The World Health Organization (WHO), the administration of the United Nations Program on Narcotics and Crime, the United Nations HIV/AIDS program (UNAIDS) have a united position: "substitute supporting therapy is an effective, safe, and economically justified method of treating opioid dependence". Moreover, both countries mentioned previously (as well as Great Britain, Spain, Canada, Australia, and others.) widely use the "Swiss model" of substitute therapy: the controlled designation of medical heroin instead of methadone therapy, which though it has proven to be comparatively ineffective, is practiced practically everywhere, including China and in the USA, those citadels of the "war against narcotics". By the way, even in the USA, mortality from overdose is on the order of 25 thousand people per year Taking into account the difference in population, that’s eight times less than in Russia.

In our country there is no substitute therapy. None. Neither methadone nor heroine.
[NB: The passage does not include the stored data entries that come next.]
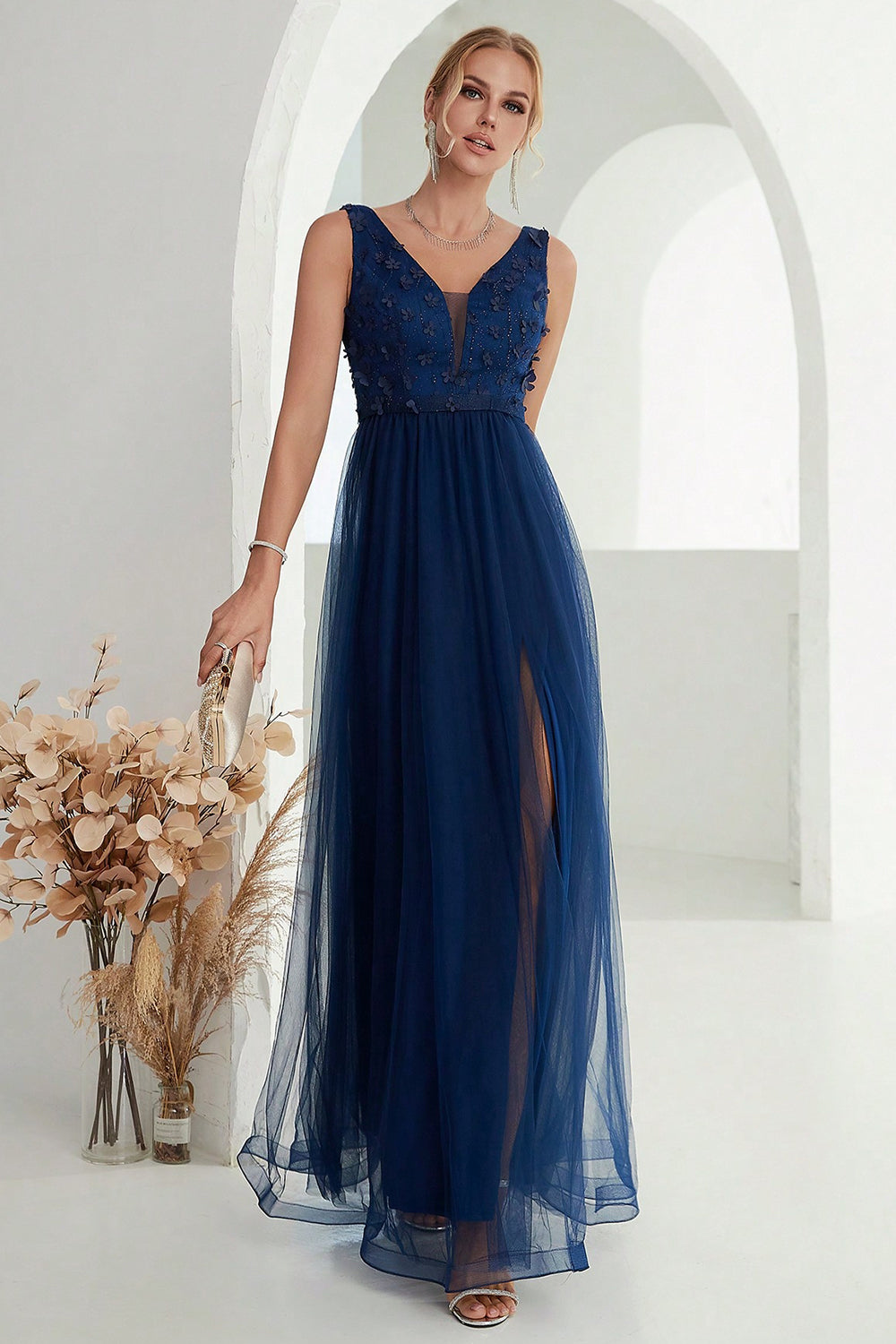 Granatowa Tiulowa Długa Sukienka Wizytowa Z Rozcięciem w Kształcie Litery A
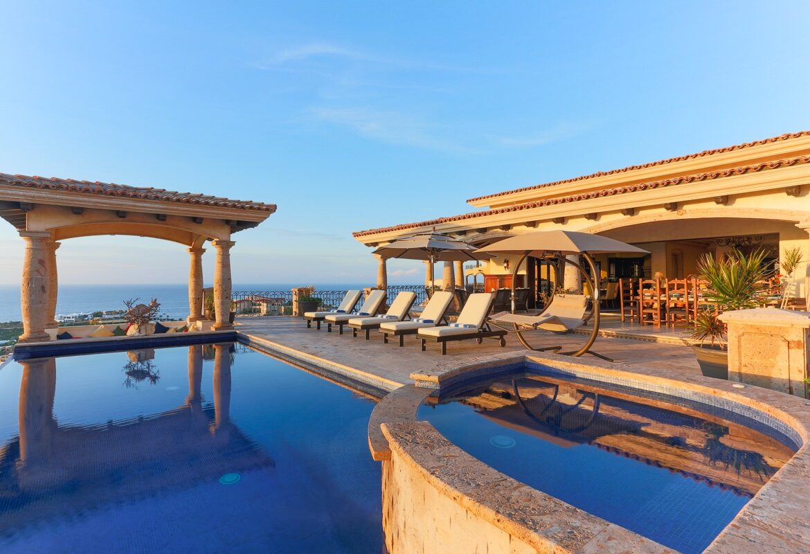 Overlooking Cabo’s marina, it boasts stunning views of the Pacific Ocean. Villa Estrella has six luxurious suites, six ample bathrooms, and two half bathrooms. This residence features exquisite rock work, high beamed ceilings, and an infinity pool that merges with the unique ocean views.
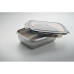 Recycled stainless steel lunch box with PP lid and 4 side clasp closure. Including separator. Capacity: 1500 ml.
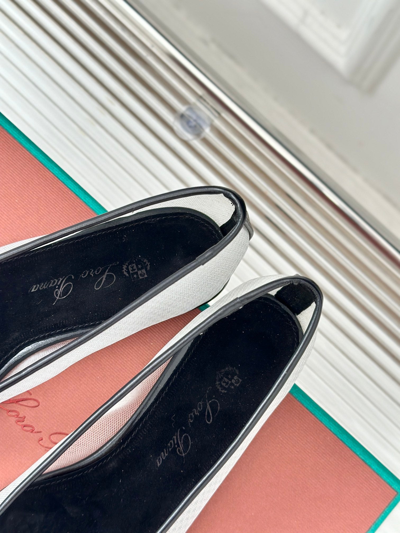 LP Primula Ballet Flat In White Mix Black Mesh Fabric With Suede Lining 989402
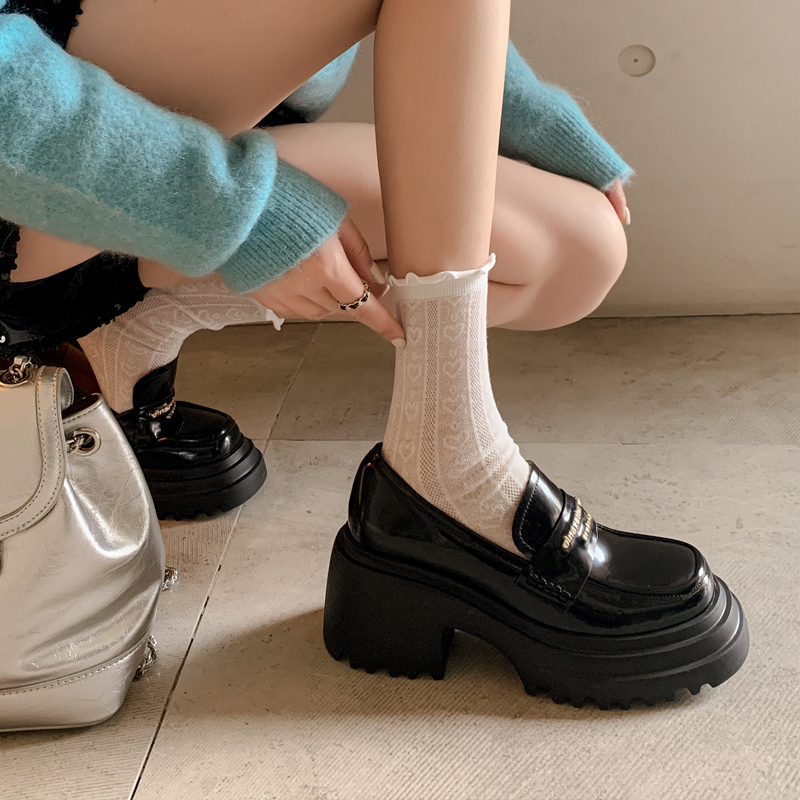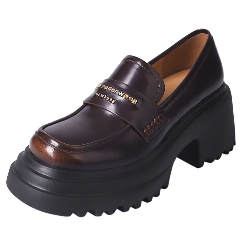 厚底乐福鞋女2025年春季新款英伦风小皮鞋真皮粗跟增高一脚蹬单鞋
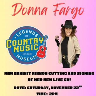 Come join the "Happiest Girl in the Whole USA," Donna Fargo for her brand new exhibit opening and ribbon cutting. Admission to the museum is FREE for this event and Donna will be doing a meet and greet and signing of her new live CD. There will be a raffle with all sorts of fun prizes!
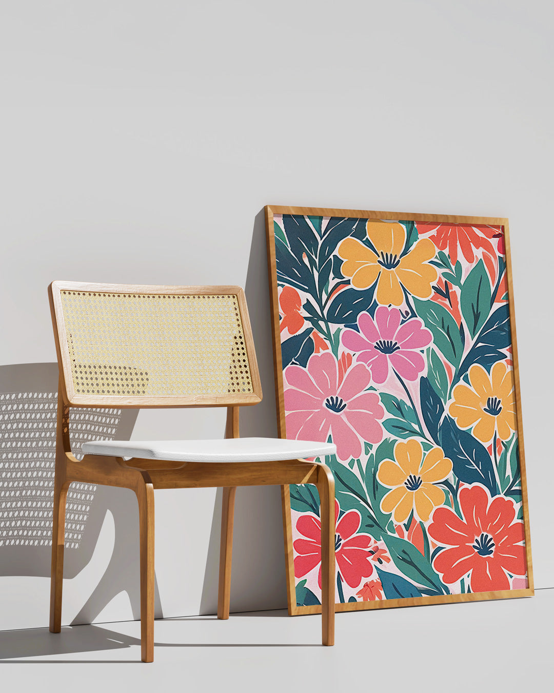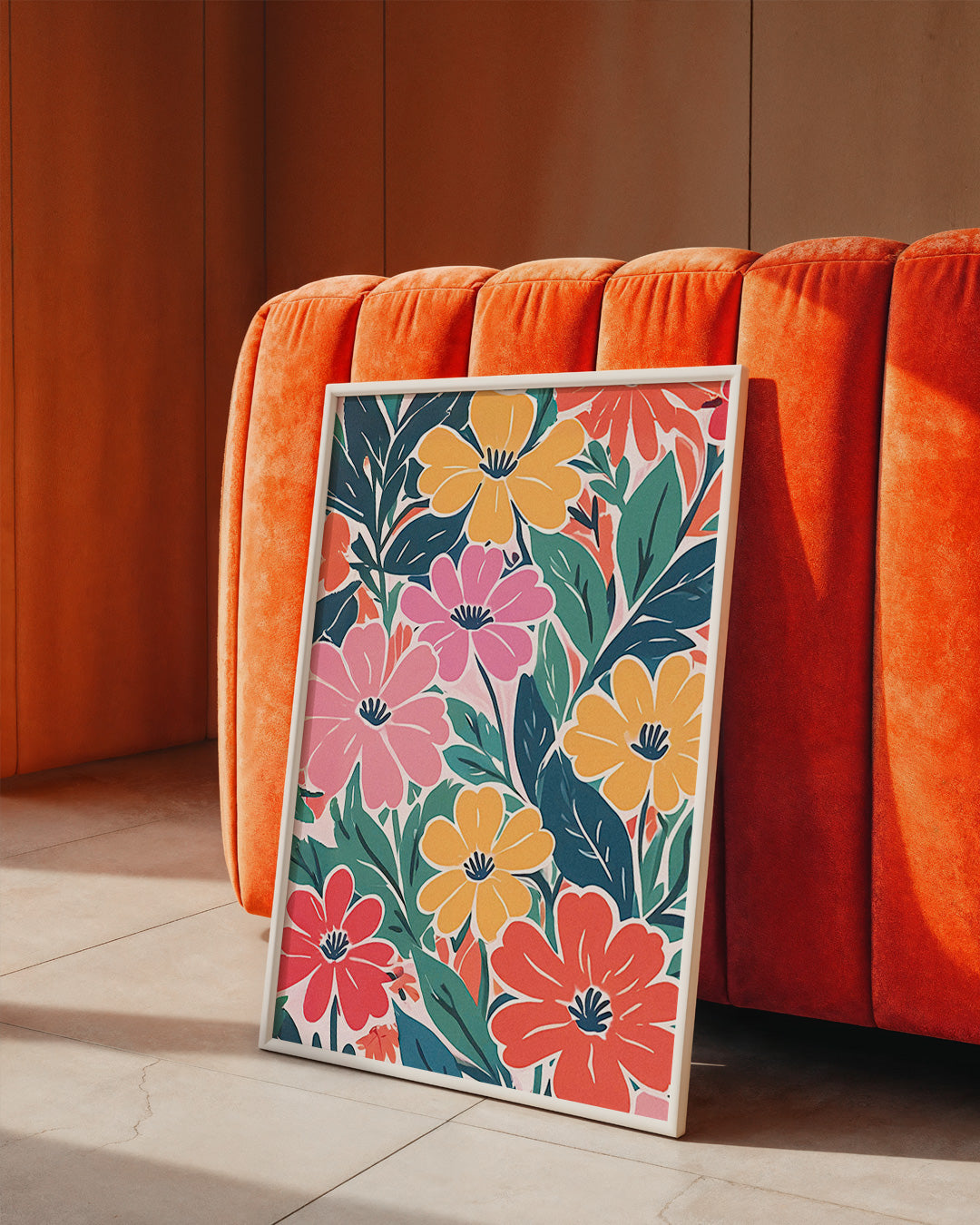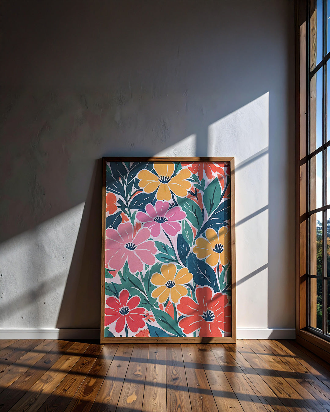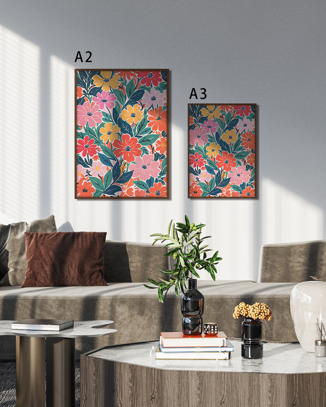 色とりどりの花々が咲き誇るフラワーモチーフのアートポスター。
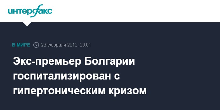 Экс-премьер Болгарии госпитализирован с гипертоническим кризом
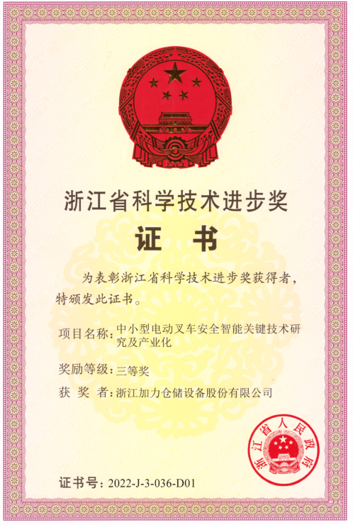 “中小型电动叉车安全智能关键技术研究及产业化”项目荣获省级科学技术进步奖三等奖。

It is directly and unequivocally forbidden by 1998 federal law "On Narcotic Drugs and Psychotropic Substances", Article 31 of which says: "1. Narcotic drugs and the psychotropic substances on lists II and III can be used for medical purposes ". Both heroin and methadone are on list I. “

Then chairman of the Duma committee on the health protection, Deputy Nikolai Gerasimenko, did not hide his happiness after the adoption of the law, emphasizing that from now on in Russia, conversations about substitute therapy would be over. And it is over. But at the same time, tens of thousands of inhabitants of Russia are perishing yearly. It can only be surmised who lobbied to have this standard written into the narcotics laws, in whose interests it would be to block attempts to pull patients with addictions from the tenacious claws of the drug mafia by creating as an alternative possibility to obtain narcotics in a medical office, rather than from a dealer. The results are obvious. Russia is the only developed country in the world, where there are no programs of substitute therapy for patients with addiction.

Elected officials who periodically rant about drops in population in Russia, could save one hundred thousand human lives per year by one stroke of the pen, by one push of the knob in voting in the Okhotny Ryad, by one political solution. They could introduce corrections into the federal law "On Narcotic Drugs and Psychotropic Substances", removing standards which forbid the introduction in Russia of substitute therapy programs. Especially as these standards contradict the position of the UN and the World Health Organization.

With all the concern about compatriots abroad, why not to care about compatriots inside the country? But 300 people will die even before this article will become "yesterday's news".